Muhalif partilerdeki "nafile kıpırtılar", seçimden sonra
konusuz kalan muhalif basını bir süre daha besleyecek. Öyle ya,
yalnızca cumhurbaşkanına küfür etmekle sayfa dolmuyor.
Kurultay murultay derken bahar aylarını bulurlar, gerisi Allah
kerim.
Şimdilik, çaresizlik bataklığında debelenmeye devam... Bir yandan
MHP'ye, öbür yandan CHP'ye çıkış yolu arıyorlar.
Fakat Aydın Doğan Bey ve Zafer Mutlu Bey bu sefer aday
çıkaramadılar, şöyle uçuracak"Gandhi Kemal" gibi yeni bir
balon yok. ("Acaba Deniz Baykal'ı yeniden ısıtsak mı?" diye de
bir ara düşünmediler değil ha...)
Gazeteciliğin g'siyle alakası olmayan Demirören Bey de onlara bakıp
bir yol tutturmaya çalışıyor. Bu işe girdiğine bin pişman, alacak
paralı enayi bulsa satıp kurtulacak, sektörden çekilecek.
"Misyon ve proje gazetecilerini" zaten adam yerine koymuyoruz.
Adam yerine koymak zorunda kaldıklarımız, sanki çözümmüş gibi, bir
yandan MHP'ye başkan arıyorlar, öbür yandan CHP'ye.
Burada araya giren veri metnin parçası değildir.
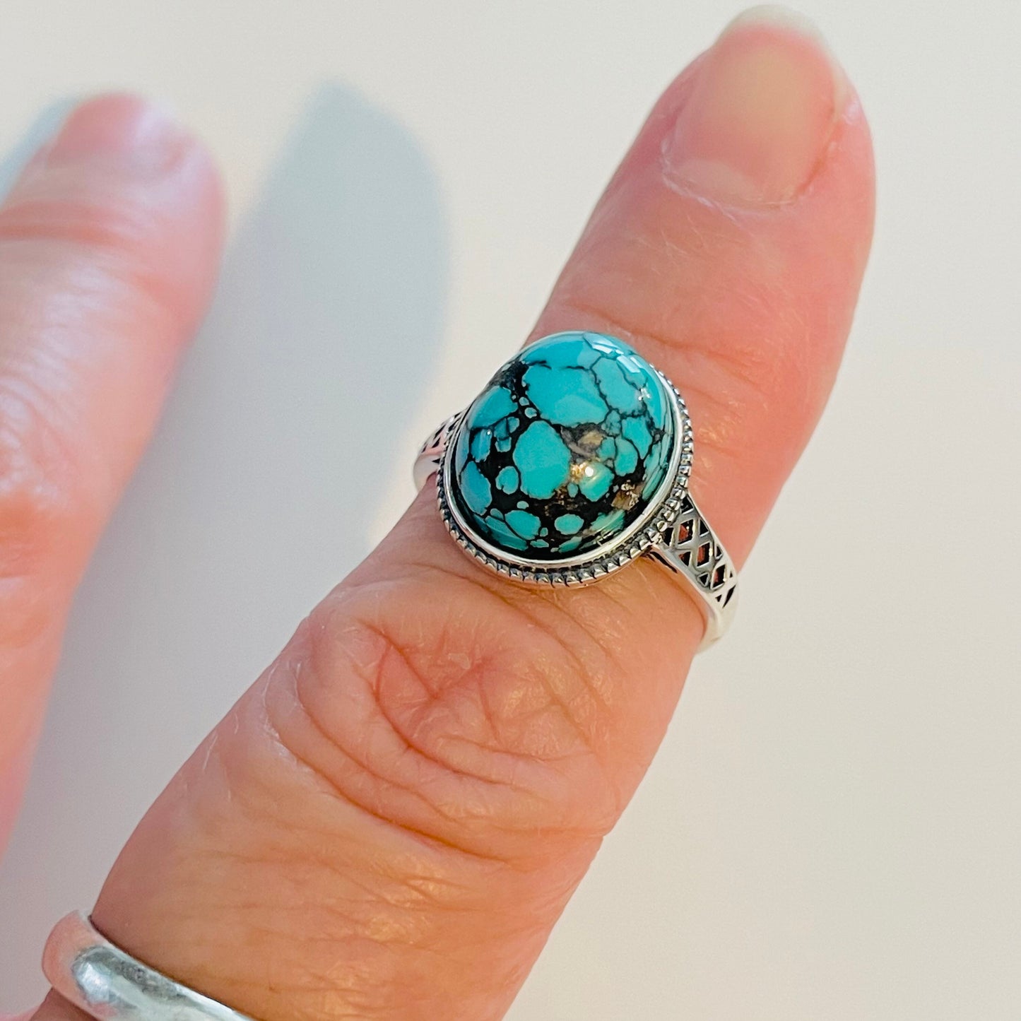 Sterling Silver Turquoise Ring Different Side Patterns / Styles, Promise Ring, Boho Ring, Statement Ring, Bail Style, Silver Turquoise Ring.

Bir fidanın maalesef güller açamayan iki dalı gibi, İttihat ve
Terakki'nin biri sağ, öteki sol süsü verilmiş iki kanadı
bunlar!
Aday var olmasına var da, söyleyecek sözü yok. İster Meral ablaları
olsun ister Sinan kardeşleri, "bir de beni
deneyin" teklifinden öteye gidemiyor.
Sinan, partisinin "anlatacak bir şeyleri" olduğunu
sanıyor, kazanırsa anlatacakmış.
CHP kanadında da kimin ne halt ettiği belli değil. "Beni
başkan yap, gerisini merak etme sen" tavrı her iki partinin iç
muhalefetinde öne çıkıyor.
İşte bakın, Mustafa Balbay da aday olmuş (Tuncay Özkan ne bekliyor,
kaç kişi olduklarının çetelesini mi?)
Mustafa kardeşimiz, "zamanın ruhu CHP'yi
çağırıyor" demiş.
Acaba Avrupa'da inanılmaz derecede gerileyen ve meydanı aşırı sağa
terkeden, çünkü hiçbir soruna hiçbir çözüm getiremeyen kabız
sosyaldemokrasi mi CHP'yi çağırıyormuş?
Yoksa sermaye birikimi aşamasını henüz tamamlamamış, sınıf
değiştirme kanallarının eskisi kadar olmasa da henüz açık olduğu,
kapitalizmin meyvelerini daha yeni yeni toplamaya başlamış, şimdi
bir sıçramaya daha hazırlanan Türkiye'nin mi, başından zor attığı,
kalkınmaya destek değil köstek olacak bürokrat partisine ihtiyacı
var?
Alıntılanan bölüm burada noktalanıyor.